En sortant du Cirque, je vois le secrétaire du duc. Il me dit :

— Je me promène.

Il n’y avait pas de mal à ça, sans doute : un secrétaire a bien le droit de se promener comme un autre homme, fût-ce au besoin dans une armoire. Toutefois, je pensai en moi-même :

— Il m’espionne !

La Blandin s’associait à ma réflexion tacite. Elle me dit à mi-voix :

— Il vous surveille.

Je montai en voiture : et le secrétaire continua de faire les cent pas sur la place.

Aussitôt rentrée, j’écrivis, tout à la hâte, un mot à Zoé, la priant de me dire « si le duc assistait la veille à la représentation. Cela m’intéressait. »

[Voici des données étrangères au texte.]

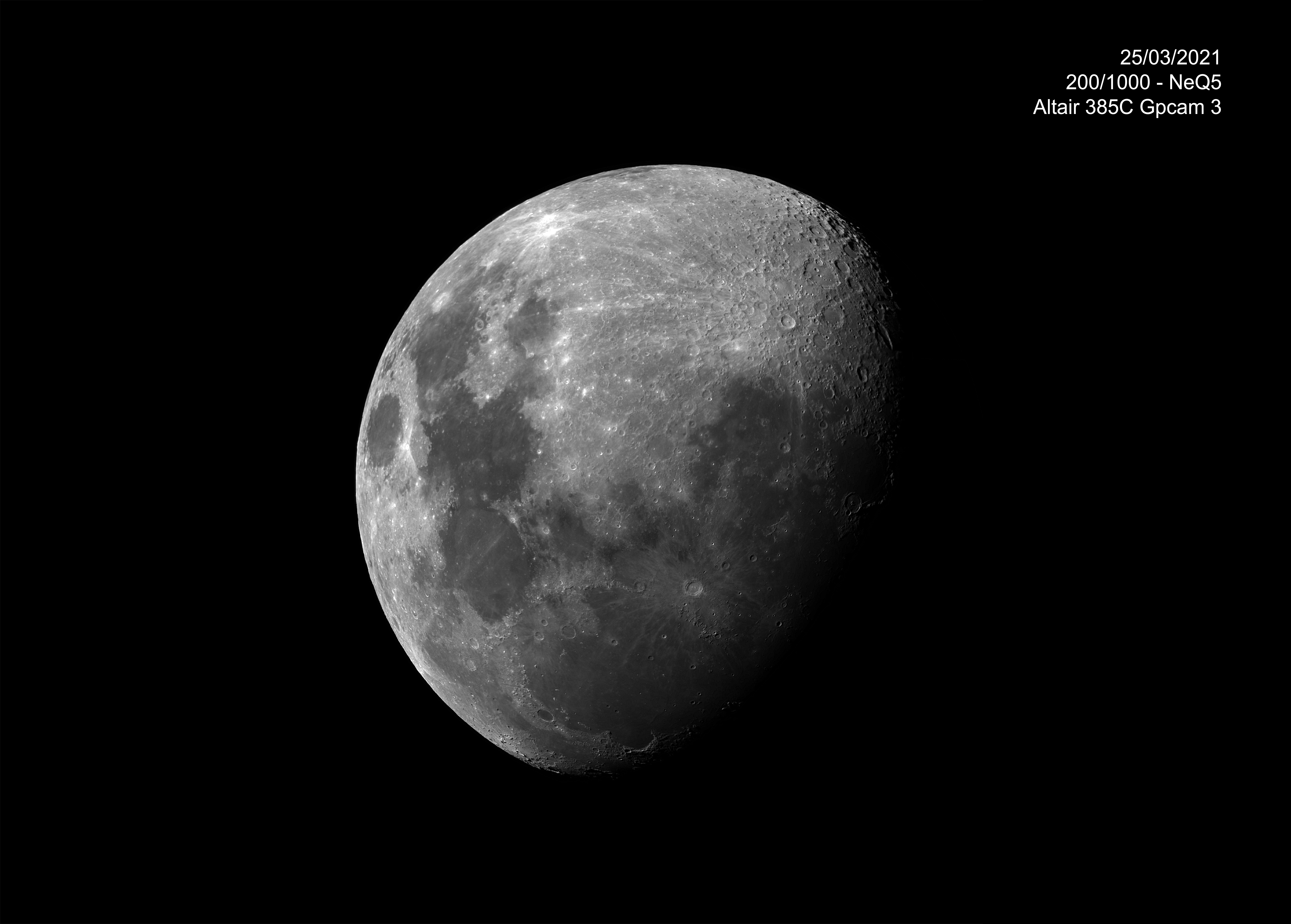 J'ai eu un peu peur que le colis ait subit quelques déboires durant le voyage, et j'ai donc tout tester ce soir, et "réussi" après plusieurs essais (vu que je suis totalement novice), à capturer quelques images de notre cher satellite que voic.i Pour information, il ne s'agit que de one shot, pas de temps de pose etc. ce soir, c'était juste un test pour vérifier que cela fonctionnait. Toute critique est la bienvenue.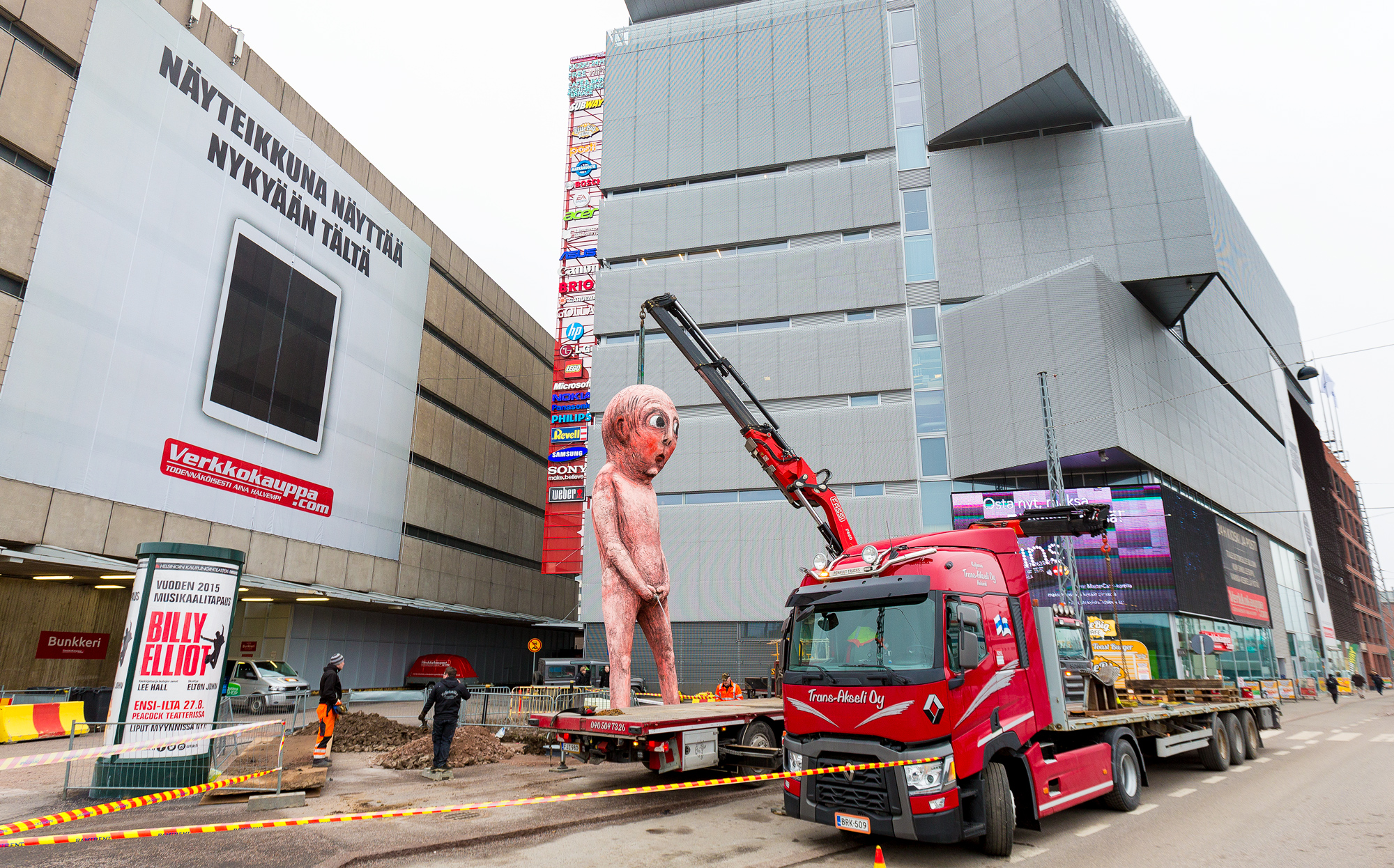 Ilkikurinen 8,5 metrinen Bad Bad Boy -veistos pystytetään tänään Verkkokauppa.com:n Jätkäsaaren megamyymälän eteen.

Le lendemain, mon intime accourt chez moi comme une furie.

— Qu’est-ce que ça signifie ? m’écrire, à moi ? Avoir le front de me demander que je la renseigne ? Moi ?… Ah ! mais non !… Ah ! mais non !… Ça ne se passera pas comme ça !

Je ferme ma porte à clé, en entendant ces cris. Je la laisse pérorer à son aise.

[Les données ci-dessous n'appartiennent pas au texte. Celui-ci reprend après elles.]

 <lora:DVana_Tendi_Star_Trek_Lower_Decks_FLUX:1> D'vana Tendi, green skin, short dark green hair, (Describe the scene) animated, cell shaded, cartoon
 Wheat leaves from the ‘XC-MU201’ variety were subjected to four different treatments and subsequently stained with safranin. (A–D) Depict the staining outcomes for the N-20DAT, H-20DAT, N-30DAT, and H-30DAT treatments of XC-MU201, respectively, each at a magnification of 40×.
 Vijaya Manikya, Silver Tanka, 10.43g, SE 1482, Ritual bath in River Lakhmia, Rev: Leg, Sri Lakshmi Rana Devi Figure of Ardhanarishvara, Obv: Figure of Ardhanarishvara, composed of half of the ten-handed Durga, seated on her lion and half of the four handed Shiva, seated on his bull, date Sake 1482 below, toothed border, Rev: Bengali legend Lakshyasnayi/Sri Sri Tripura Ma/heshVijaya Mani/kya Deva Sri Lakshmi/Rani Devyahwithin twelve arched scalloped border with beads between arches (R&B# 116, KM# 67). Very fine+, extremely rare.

— Parlez-moi de ça ! À la bonne heure ! Voilà les amies ! Au moins, celle-là, elle est franche ! Elle n’y va pas par quatre chemins. Elle vous prie de lever la jambe pour vous couper l’herbe sous les pieds ! Faut-il que je dise au duc bien des choses de ta part ? Tiens ! C’est une idée !

Tout cela dans l’escalier.

Zoé partit, donnant un coup de porte à ébranler la maison. La concierge, qui n’était chez moi que depuis huit jours, la prit pour une folle. Je lui dis que c’était une écuyère, mais elle était trop troublée pour saisir la différence.

Que fait ma bonne petite Zoé ? Elle met le mot que je lui avais écrit, dans une lettre qu’elle envoie au duc d’Hacôté. La lettre arrive à la garnison du duc. On la refuse, faute d’affranchissement. Pourtant, si l’on n’admet là que les lettres timbrées, il me semble que celle-là… Mais je n’ai pas la parole : je n’ai jamais économisé un sou.

« Conformément à la loi », comme le mentionne, dans les cas analogues à celui-ci, l’imprimé de l’enveloppe postale, le pli est ouvert ; et comme mon nom et mon adresse sont les seuls indiqués dans la missive, la lettre revient à mon domicile, accompagnée de la gracieuse apostille de mon intime. Je fais publier ladite lettre ainsi que son commentaire dans un journal, par Delaroute. Le public n’avait pas moins droit que moi-même à savourer l’atticisme épistolaire de la Grande Latte.

Amère parfois, je n’ai jamais été égoïste.

Nouvelle irruption chez moi de la fulminante écuyère. Nouvelle interdiction de ma porte. Nouvel ébahissement de ma concierge, tintamarre épouvantable, monologue et imprécations, mais plus dans l’escalier, cette fois ; dans mon antichambre. Autant de conquis pour cette pauvre Zoé.

J’avais grande envie de charger la police du soin de mon repos et de la défense de ma porte. Toujours bonne, la police prit les devants. Je fus mandée à la Préfecture.

Zoé Dupont, qui narrait fort agréablement, avait tout raconté à son duc, qui n’avait pas l’avantage d’être en communion d’idées avec le mien. Petites divergences politiques… D’Hacôté était au mieux avec Adalbert. Adalbert ne pouvait, en bonne politique, refuser de rendre les choses bien criminelles. Je suis allée deux fois à la Préfecture ; la première, dans mon coupé ; la seconde, dans un fiacre, dont le gouvernement m’a fait les honneurs.

En présence du représentant de l’ordre d’alors, j’exhibe l’enveloppe, objet du litige. Il avoue ne plus rien comprendre ; mais son devoir est de sévir : il ne faillira pas à son devoir. Je le prie par ses yeux si expressifs, par son front si pur, par sa fiancée si belle ! Je le sens ébranlé : j’insiste. Mais il veut me faire payer cher sa faiblesse et ma victoire. Il me secoue au point que j’en sanglote. Enfin, il brûle tout le paquet, et me laisse partir tranquille.

Et tout ça, parce que j’étais allée bâiller au Cirque ! — Histoire de parapluies changés au vestiaire ! Zoé croyait que je parlais de son duc, quand je ne m’occupais que du mien.